── Exercise data

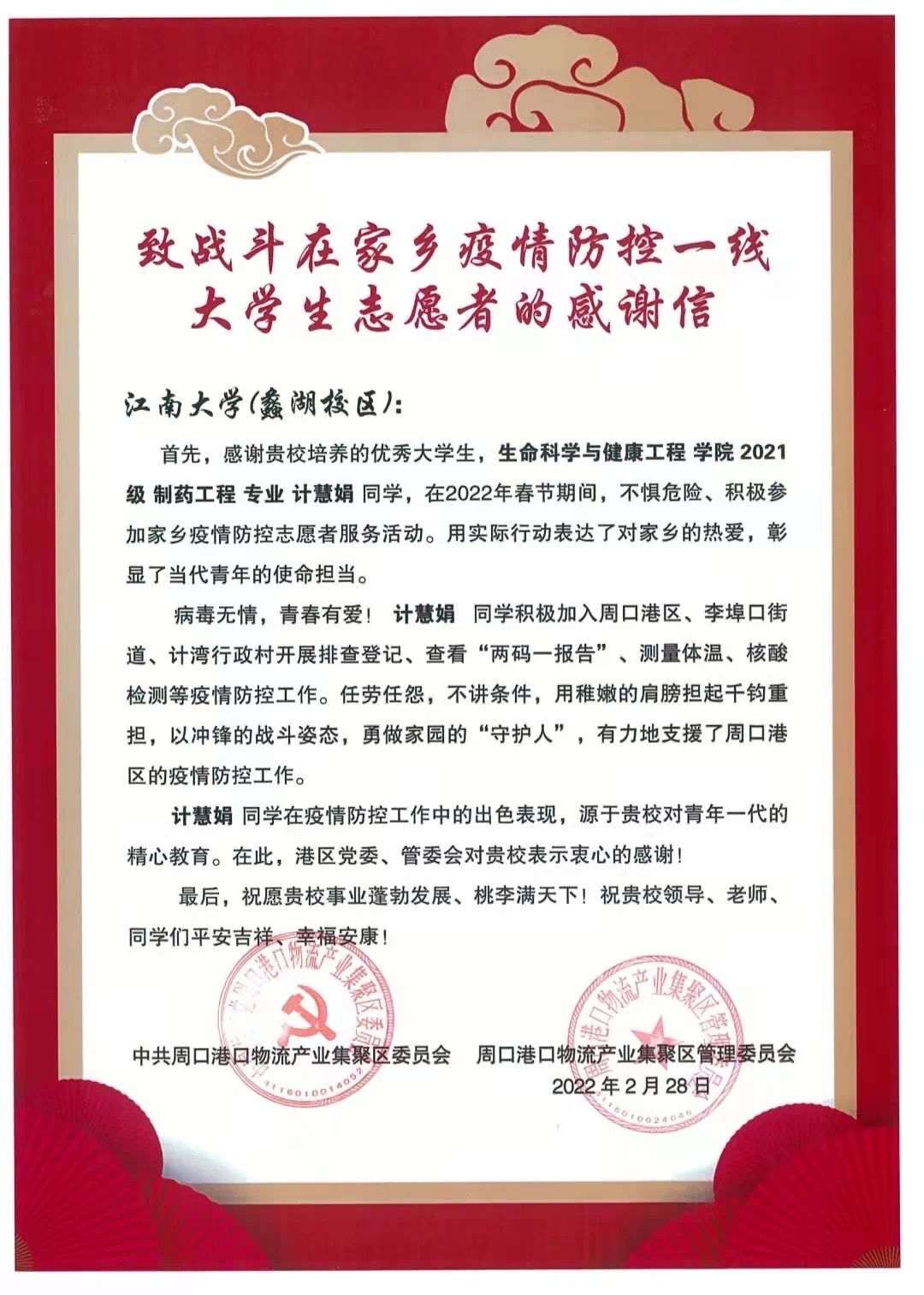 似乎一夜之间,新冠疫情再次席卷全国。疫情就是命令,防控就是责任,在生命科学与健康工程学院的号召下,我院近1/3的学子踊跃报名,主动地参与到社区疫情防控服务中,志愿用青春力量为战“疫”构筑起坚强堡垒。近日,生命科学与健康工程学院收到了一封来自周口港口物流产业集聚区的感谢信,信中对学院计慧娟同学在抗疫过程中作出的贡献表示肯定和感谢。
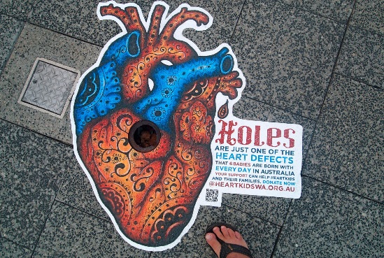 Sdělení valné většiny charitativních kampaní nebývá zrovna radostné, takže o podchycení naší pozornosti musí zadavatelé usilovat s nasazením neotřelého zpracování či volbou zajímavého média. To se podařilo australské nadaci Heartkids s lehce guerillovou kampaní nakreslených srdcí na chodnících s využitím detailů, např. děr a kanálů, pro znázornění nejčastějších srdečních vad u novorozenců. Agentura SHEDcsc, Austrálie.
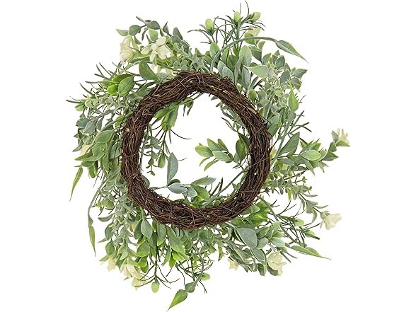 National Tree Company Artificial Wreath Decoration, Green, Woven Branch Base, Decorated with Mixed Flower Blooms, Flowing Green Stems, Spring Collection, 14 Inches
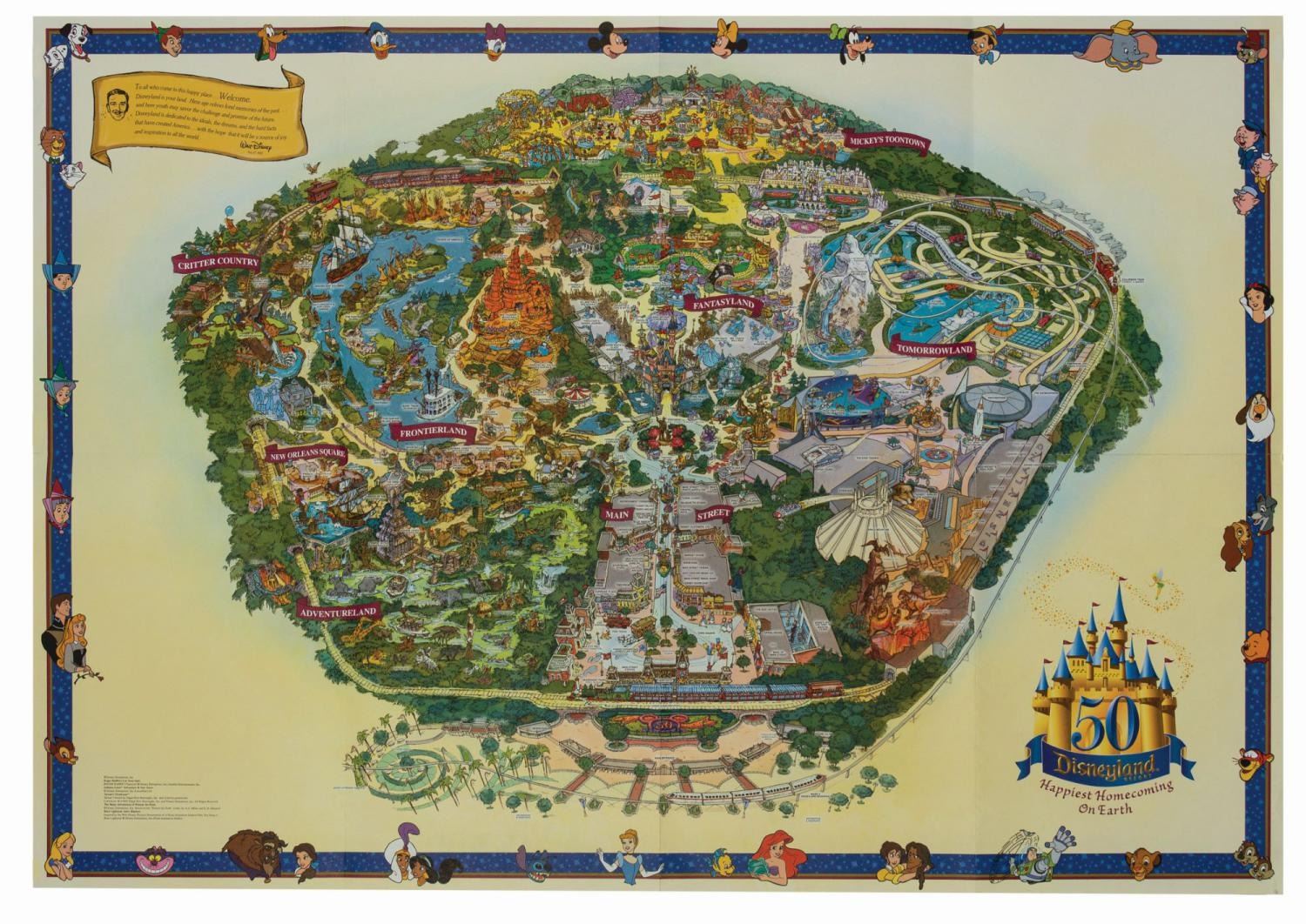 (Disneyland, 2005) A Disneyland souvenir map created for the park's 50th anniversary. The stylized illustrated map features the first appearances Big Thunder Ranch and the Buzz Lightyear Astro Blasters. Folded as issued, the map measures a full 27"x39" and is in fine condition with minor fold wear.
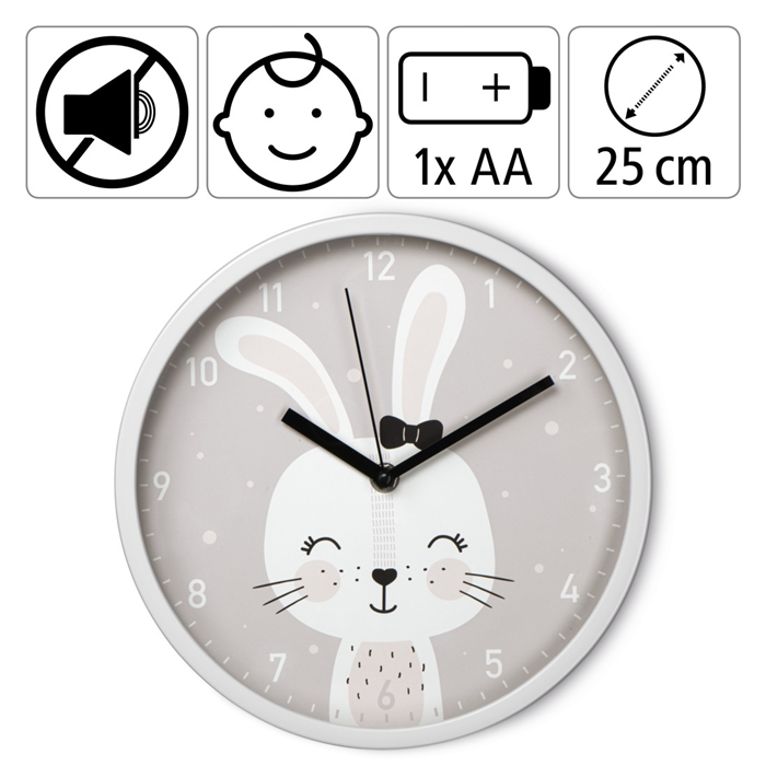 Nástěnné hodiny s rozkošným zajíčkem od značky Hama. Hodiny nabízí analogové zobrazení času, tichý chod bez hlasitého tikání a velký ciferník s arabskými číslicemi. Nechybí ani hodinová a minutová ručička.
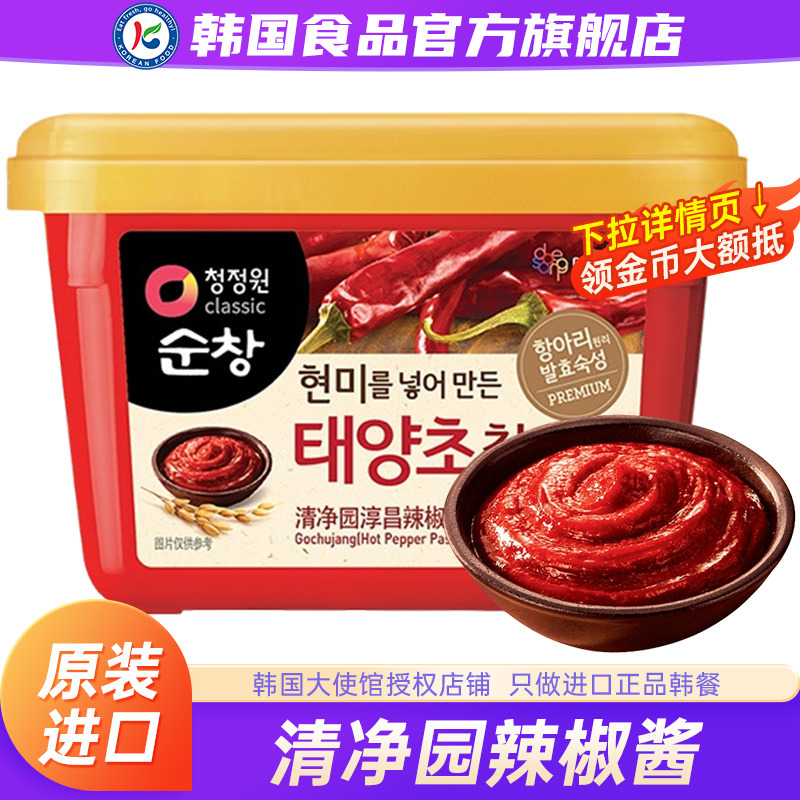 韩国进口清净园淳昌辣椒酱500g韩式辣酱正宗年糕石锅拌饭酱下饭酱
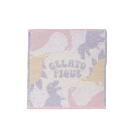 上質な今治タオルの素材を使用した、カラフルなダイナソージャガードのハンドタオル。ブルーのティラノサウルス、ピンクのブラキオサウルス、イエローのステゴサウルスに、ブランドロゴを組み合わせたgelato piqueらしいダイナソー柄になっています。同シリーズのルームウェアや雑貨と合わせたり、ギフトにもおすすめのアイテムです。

────

Activity>
Please copy the data above character for character, skipping any pictures.

Answer section>
 似乎一夜之间,新冠疫情再次席卷全国。疫情就是命令,防控就是责任,在生命科学与健康工程学院的号召下,我院近1/3的学子踊跃报名,主动地参与到社区疫情防控服务中,志愿用青春力量为战“疫”构筑起坚强堡垒。近日,生命科学与健康工程学院收到了一封来自周口港口物流产业集聚区的感谢信,信中对学院计慧娟同学在抗疫过程中作出的贡献表示肯定和感谢。
 Sdělení valné většiny charitativních kampaní nebývá zrovna radostné, takže o podchycení naší pozornosti musí zadavatelé usilovat s nasazením neotřelého zpracování či volbou zajímavého média. To se podařilo australské nadaci Heartkids s lehce guerillovou kampaní nakreslených srdcí na chodnících s využitím detailů, např. děr a kanálů, pro znázornění nejčastějších srdečních vad u novorozenců. Agentura SHEDcsc, Austrálie.
 National Tree Company Artificial Wreath Decoration, Green, Woven Branch Base, Decorated with Mixed Flower Blooms, Flowing Green Stems, Spring Collection, 14 Inches
 (Disneyland, 2005) A Disneyland souvenir map created for the park's 50th anniversary. The stylized illustrated map features the first appearances Big Thunder Ranch and the Buzz Lightyear Astro Blasters. Folded as issued, the map measures a full 27"x39" and is in fine condition with minor fold wear.
 Nástěnné hodiny s rozkošným zajíčkem od značky Hama. Hodiny nabízí analogové zobrazení času, tichý chod bez hlasitého tikání a velký ciferník s arabskými číslicemi. Nechybí ani hodinová a minutová ručička.
 韩国进口清净园淳昌辣椒酱500g韩式辣酱正宗年糕石锅拌饭酱下饭酱
 上質な今治タオルの素材を使用した、カラフルなダイナソージャガードのハンドタオル。ブルーのティラノサウルス、ピンクのブラキオサウルス、イエローのステゴサウルスに、ブランドロゴを組み合わせたgelato piqueらしいダイナソー柄になっています。同シリーズのルームウェアや雑貨と合わせたり、ギフトにもおすすめのアイテムです。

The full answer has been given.